Points are not transformed correctly when using BSplineTransform

Hi,

I am looking for a bit of advice (or information on where I am going wrong) with regard to applying transformation to an image and coordinating points from GeoJSON.

I have a composite transform consisting of 5 transformations in the following order: Euler2d > Euler2d > Euler2d > Affine > BSpline. The image is transformed using a resampler (we are resampling from 0.163um/px to 0.507um/px with the mentioned transformation set as the transform).
The points are transformed using the inverse transformation of the composite transform. I have tried using several approaches, but all of them resulted in the incorrect transformation of points.
Attempt 1:

  • Build CompositeTransform using the individual transforms in the reverse order, namely BSpline > Affine > Euler2d > Euler2d > Euler2D.
  • Inverse of linear methods are simply obtained by using the tx.GetInverse method
  • Inverse of BSpline are obtained by inverting a displacement field image

Attempt 2:

  • Build Transform using an inverted displacement field

Attempt 3:

  • Iterate through each transform and using the inverse transform use the TransnformPoint method.
  • Inverse of linear methods are simply obtained by using the tx.GetInverse method
  • Inverse of BSpline are obtained by inverting a displacement field image

I only see this issue occur when using a non-linear transformation.

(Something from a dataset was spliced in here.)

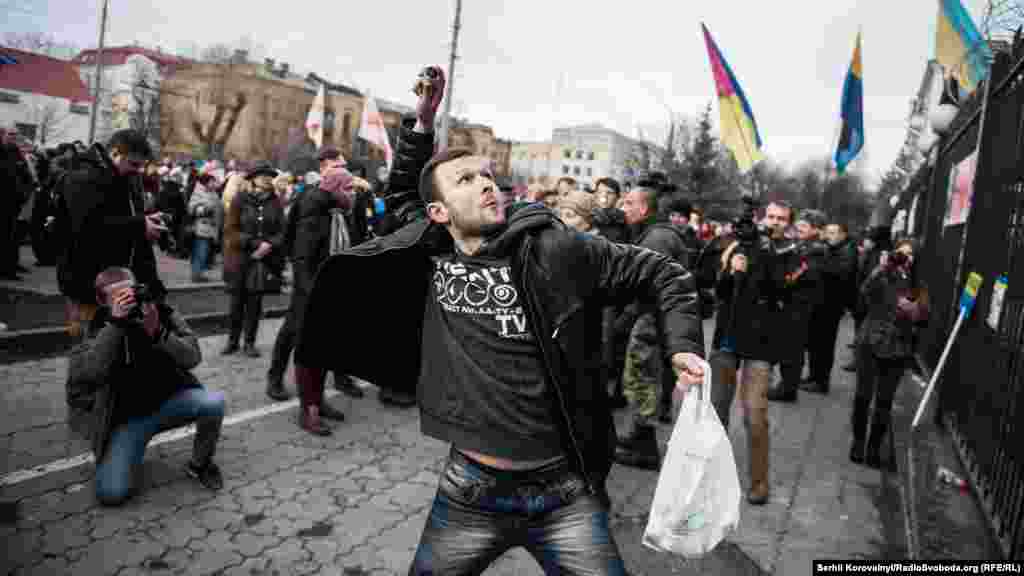 У Кіеве пад пасольствам Расеі сабраліся некалькі соцень актывістаў, каб выказаць патрабаваньне вызваліць лётчыцу Надзею Саўчанку, якую трымаюць у расейскім СІЗА. У адрозьненьне ад падобнай мірнай акцыі на плошчы Незалежнасьці, тут людзі перайшлі да актыўных дзеяньняў.

Here is an overlay of the points before the transformation is applied:


And here it is after:

Hello @lukasz-migas,

Not sure whether you are using ITK or SimpleITK, the solution is similar.

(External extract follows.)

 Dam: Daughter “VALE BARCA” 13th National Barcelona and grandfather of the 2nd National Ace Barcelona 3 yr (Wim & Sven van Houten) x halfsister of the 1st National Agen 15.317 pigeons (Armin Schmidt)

For the SimpleITK case, code for this operation is provided in the Transforms notebook section titled “Inverting Composite Transform”. The other sections and the notebook repository in general may be of interest too.

Hi @zivy - thanks for your reply

I am using SimpleITK in Python.

In attempt 1 I am using code that you posted in another question as I thought the problem was similar. This seems to be essentially the same approach as you linked above.

The method from you link produces points in exactly same position as my current implementation.

Hello @lukasz-migas,

Well, that is interesting.

If I understand the situation, you have a registration process that outputs the transformation T mapping points from the fixed to moving image. You then used that transformation to resample the moving image (blue) onto the fixed image grid to obtain a resampled_moving image (red). Finally, a set of points on the moving image is mapped to the fixed image coordinate system using T^{-1}?

As you said that the mapping works when all the transformation are global, then there is something likely going on with the bounded transformation. Have you checked that the inversion is close enough? It won’t be perfect as it is not a closed form operation and it will vary with the inversion algorithm. To evaluate the quality of the inversion operation, take a set of points in the moving image, ^mp, and compute the distance for each of them ||T(T^{-1}(^mp)) - ^mp||, this distance is spatially varying. If it is small then the inversion is working as expected. Definition of “small” is context specific, 1mm may be small or large depending on required accuracy. If inversion is not sufficiently accurate, possibly try a different inversion algorithm, there are several available.

If this isn’t the issue, then possibly an issue with how the physical points in the resampled image space are converted to indexes for drawing. This is less likely as the problem would arise with the global transformation too, but I’m not looking at the code so making a best guess effort.